= Records provided =
▬▬▬
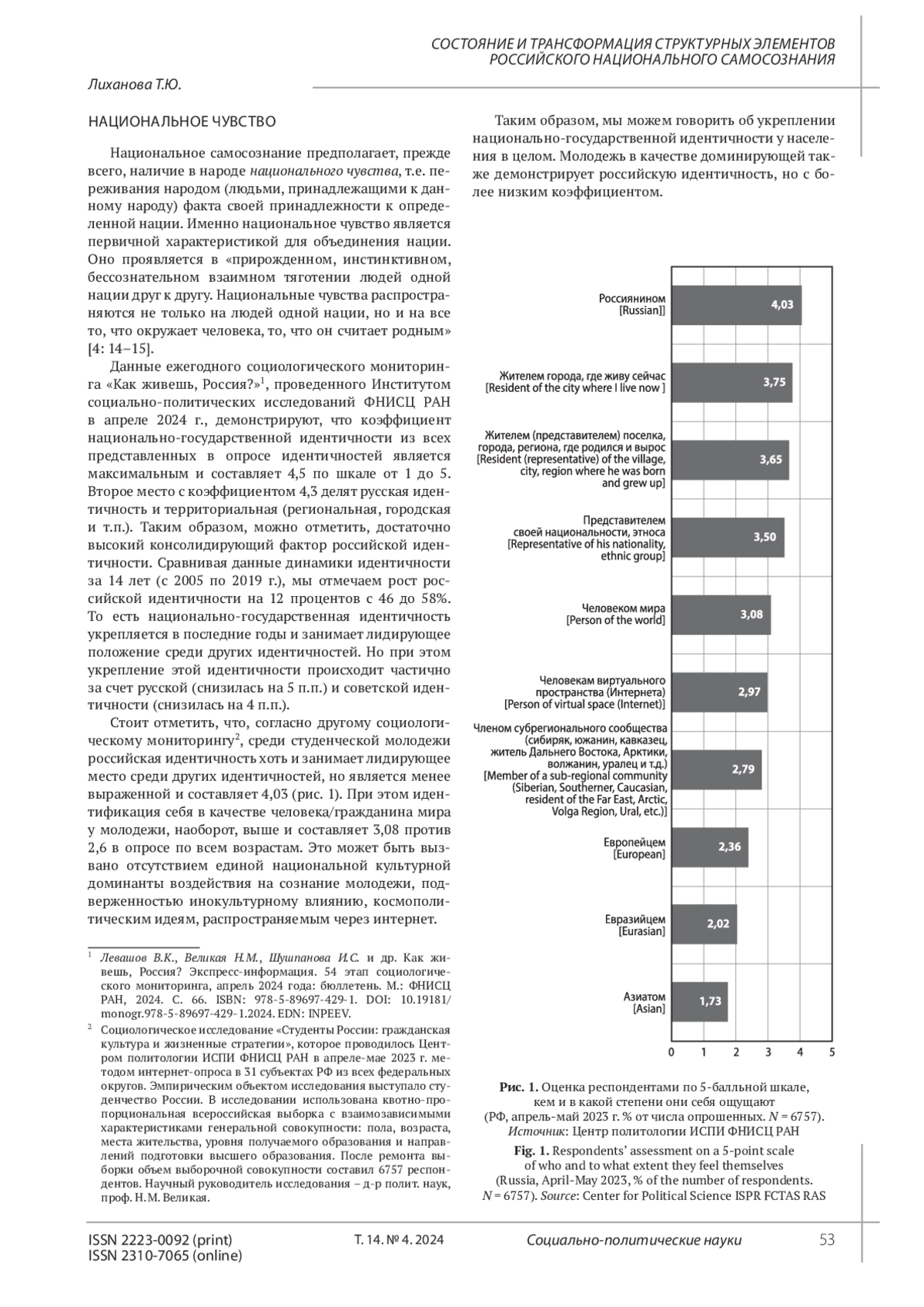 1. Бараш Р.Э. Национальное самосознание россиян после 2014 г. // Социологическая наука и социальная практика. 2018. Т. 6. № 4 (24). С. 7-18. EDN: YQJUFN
▬▬▬
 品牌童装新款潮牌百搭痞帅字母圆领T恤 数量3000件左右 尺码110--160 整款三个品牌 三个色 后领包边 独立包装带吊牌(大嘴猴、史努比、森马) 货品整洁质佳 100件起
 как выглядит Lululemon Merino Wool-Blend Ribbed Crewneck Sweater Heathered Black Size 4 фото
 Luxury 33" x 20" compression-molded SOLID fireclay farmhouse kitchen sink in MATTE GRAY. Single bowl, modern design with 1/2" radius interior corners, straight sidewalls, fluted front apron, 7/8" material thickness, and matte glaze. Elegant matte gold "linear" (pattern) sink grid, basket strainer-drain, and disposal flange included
▬▬▬
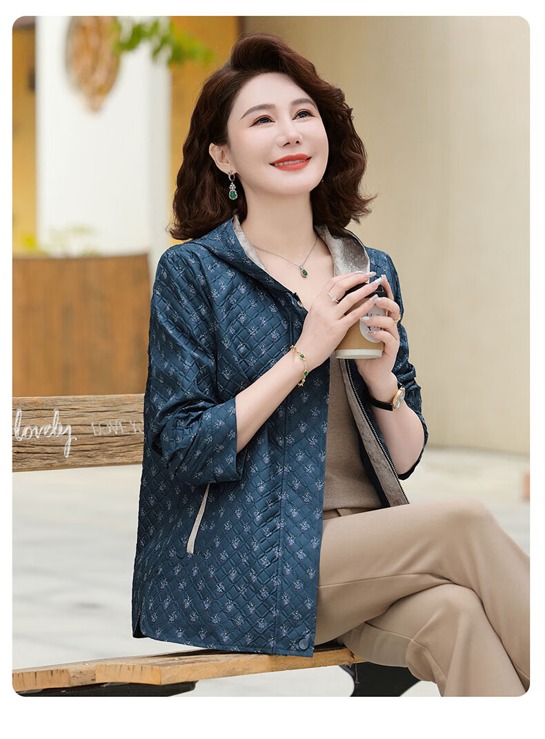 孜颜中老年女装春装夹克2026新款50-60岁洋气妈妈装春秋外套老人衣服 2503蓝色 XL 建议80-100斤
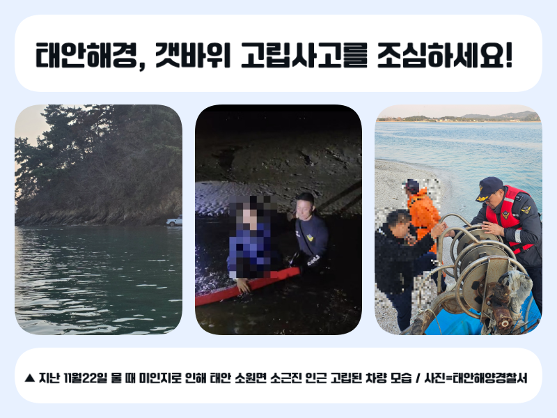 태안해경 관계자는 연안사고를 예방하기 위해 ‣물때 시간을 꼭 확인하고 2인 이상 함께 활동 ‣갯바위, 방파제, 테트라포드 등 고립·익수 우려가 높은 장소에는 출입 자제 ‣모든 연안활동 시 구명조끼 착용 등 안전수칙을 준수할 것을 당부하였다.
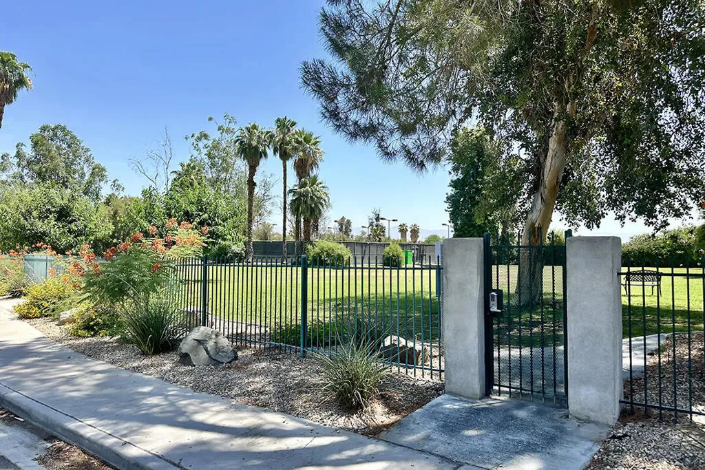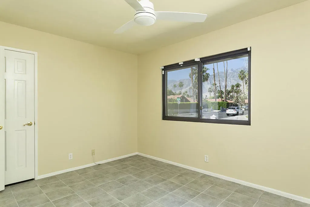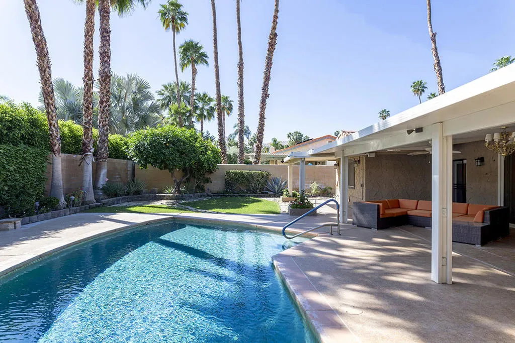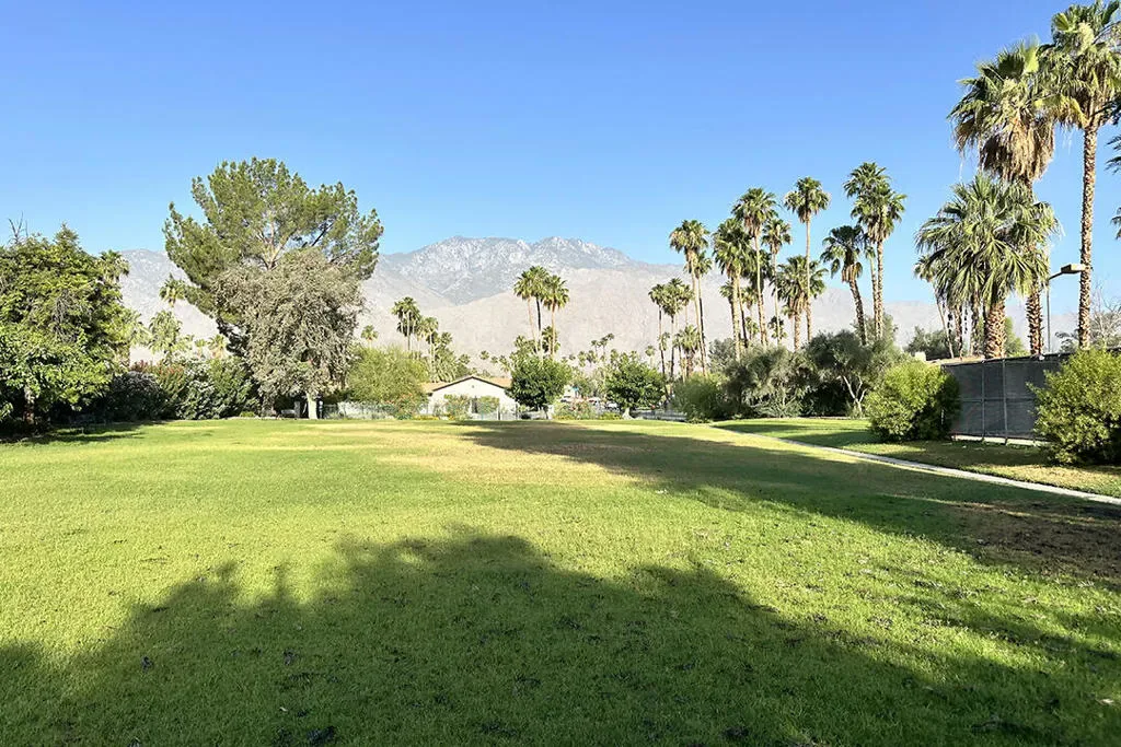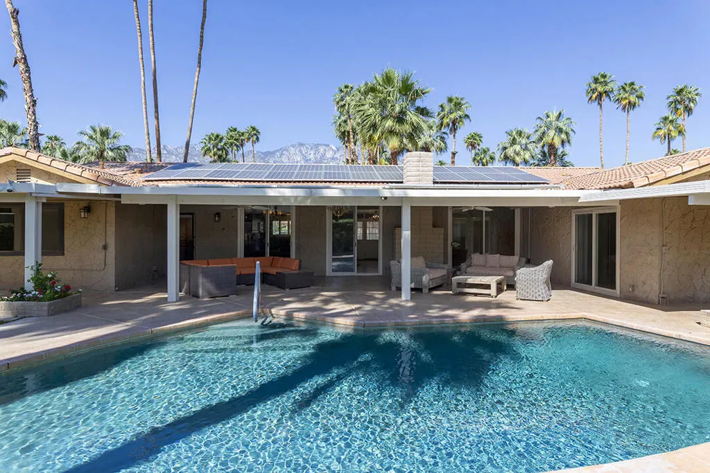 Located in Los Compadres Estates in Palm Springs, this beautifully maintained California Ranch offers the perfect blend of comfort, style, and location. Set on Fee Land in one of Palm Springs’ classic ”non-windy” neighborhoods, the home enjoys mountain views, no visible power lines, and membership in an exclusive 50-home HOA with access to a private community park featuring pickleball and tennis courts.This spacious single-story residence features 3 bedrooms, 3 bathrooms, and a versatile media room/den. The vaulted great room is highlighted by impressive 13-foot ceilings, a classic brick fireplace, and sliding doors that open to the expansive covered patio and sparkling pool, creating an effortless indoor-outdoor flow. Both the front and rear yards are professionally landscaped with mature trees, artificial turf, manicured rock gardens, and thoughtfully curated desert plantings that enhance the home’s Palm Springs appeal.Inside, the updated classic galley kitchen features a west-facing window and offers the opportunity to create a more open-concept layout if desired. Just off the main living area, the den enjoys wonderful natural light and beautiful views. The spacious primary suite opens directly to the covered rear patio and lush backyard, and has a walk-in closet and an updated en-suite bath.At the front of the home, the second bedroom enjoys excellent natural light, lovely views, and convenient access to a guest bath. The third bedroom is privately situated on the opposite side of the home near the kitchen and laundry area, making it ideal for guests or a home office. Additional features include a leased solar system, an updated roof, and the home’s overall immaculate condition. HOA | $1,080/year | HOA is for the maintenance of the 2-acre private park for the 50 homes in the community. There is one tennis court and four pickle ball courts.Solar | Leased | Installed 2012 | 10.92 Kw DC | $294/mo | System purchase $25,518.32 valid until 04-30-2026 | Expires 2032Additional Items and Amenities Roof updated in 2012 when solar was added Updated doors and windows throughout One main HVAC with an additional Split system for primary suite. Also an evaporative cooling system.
▬▬▬
= Work item =
Both end lines included, restate word for word the lines above from the line with "как выглядит Lululemon" to the line with "disposal flange included", and nothing else.

= Exercise answer =
 как выглядит Lululemon Merino Wool-Blend Ribbed Crewneck Sweater Heathered Black Size 4 фото
 Luxury 33" x 20" compression-molded SOLID fireclay farmhouse kitchen sink in MATTE GRAY. Single bowl, modern design with 1/2" radius interior corners, straight sidewalls, fluted front apron, 7/8" material thickness, and matte glaze. Elegant matte gold "linear" (pattern) sink grid, basket strainer-drain, and disposal flange included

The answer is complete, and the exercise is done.